**SUPPLIED MATERIAL**
<<<<
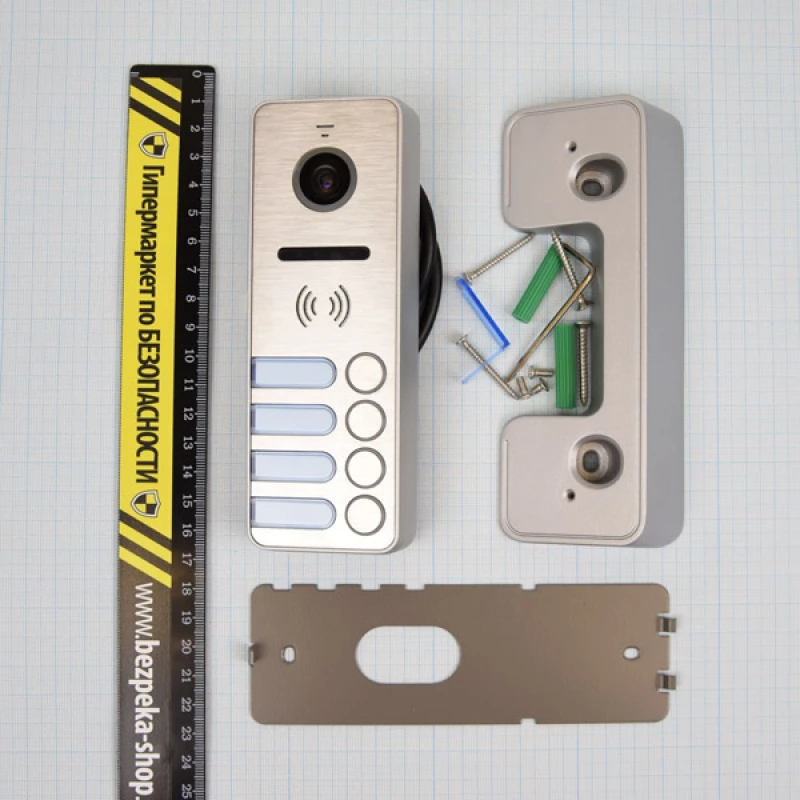 видеопанель, уголок (30°), козырек, комплект крепежных элементов, инструкция
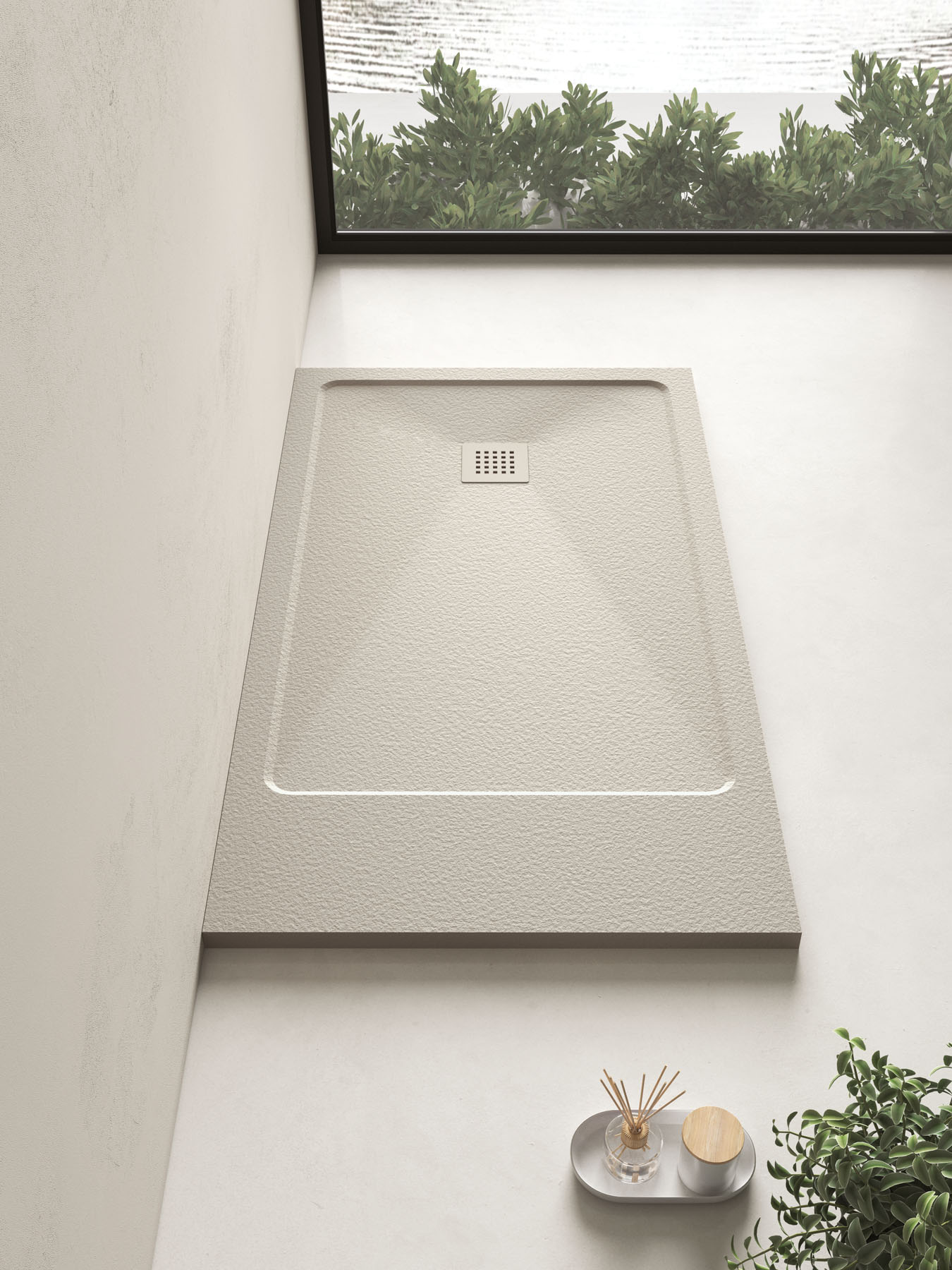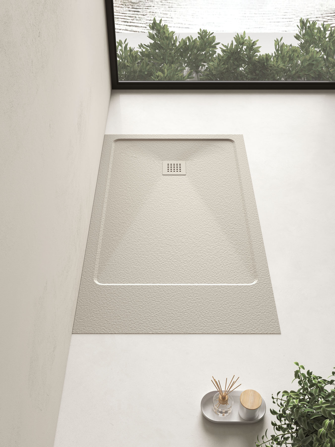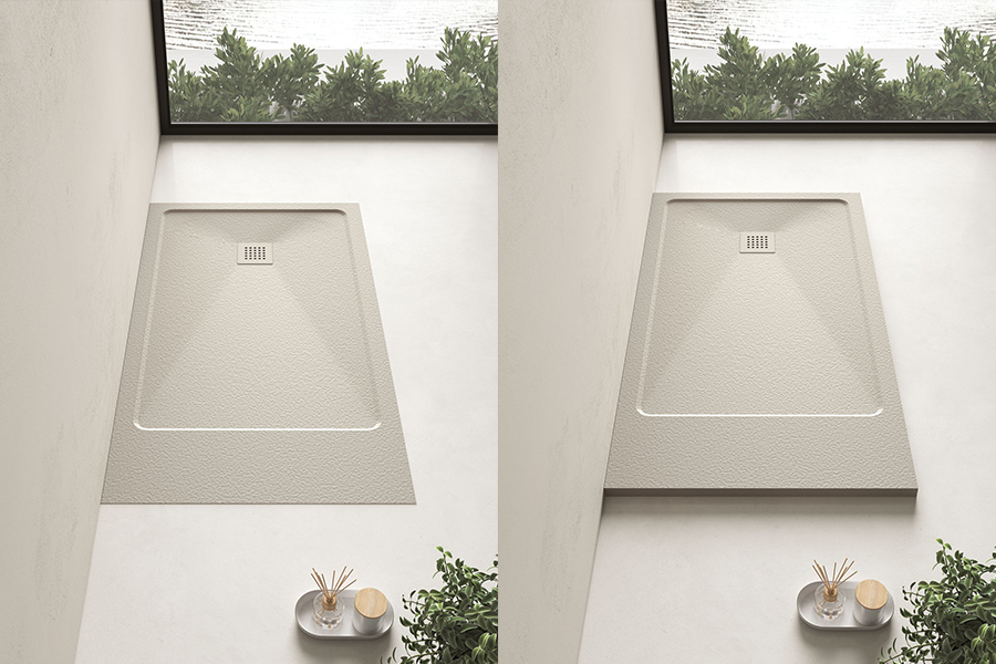 Diese Duschwanne mit optisch attraktiver Relieftextur und außermittigem Ablauf verleiht der Duschkabine ein individuelles Design. Bei diesem Modell ist sowohl die Duschwanne mit durchgehender Neigung als auch die Version FM maßgefertigt erhältlich.
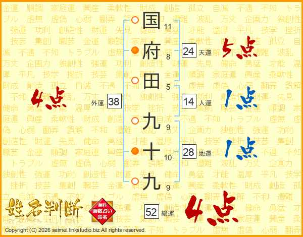 国(11画)府(8画)田(5画) 九(9画)十(10画)九(9画)
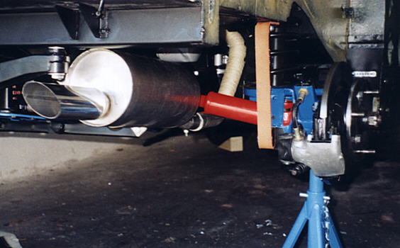 | Die Hosenrohre der Auspuffanlagen umwickelte ich mit sogenanntem "Fire Tape" um die Hitze in der Motorbucht etwas zu senken. Am meisten Hitze strahlt ja bekanntlich das erste St�ck der Auspuffanlage/Kr�mmer und nicht der Motor selber. Es sind die Bereiche vom Zylinderkopf bis H�he Unterboden umwickelt, wie man auf den Bildern links (mehr oder weniger) erkennen kann. |
>>>>
**TASK GOAL**
Would you copy, exactly, each line from the start of the listing above through the line with "国(11画)府(8画)田(5画) 九(9画)十(10画)九(9画)", both ends included, but none of the pictures?

**SOLUTION TO THIS TASK**
 видеопанель, уголок (30°), козырек, комплект крепежных элементов, инструкция
 Diese Duschwanne mit optisch attraktiver Relieftextur und außermittigem Ablauf verleiht der Duschkabine ein individuelles Design. Bei diesem Modell ist sowohl die Duschwanne mit durchgehender Neigung als auch die Version FM maßgefertigt erhältlich.
 国(11画)府(8画)田(5画) 九(9画)十(10画)九(9画)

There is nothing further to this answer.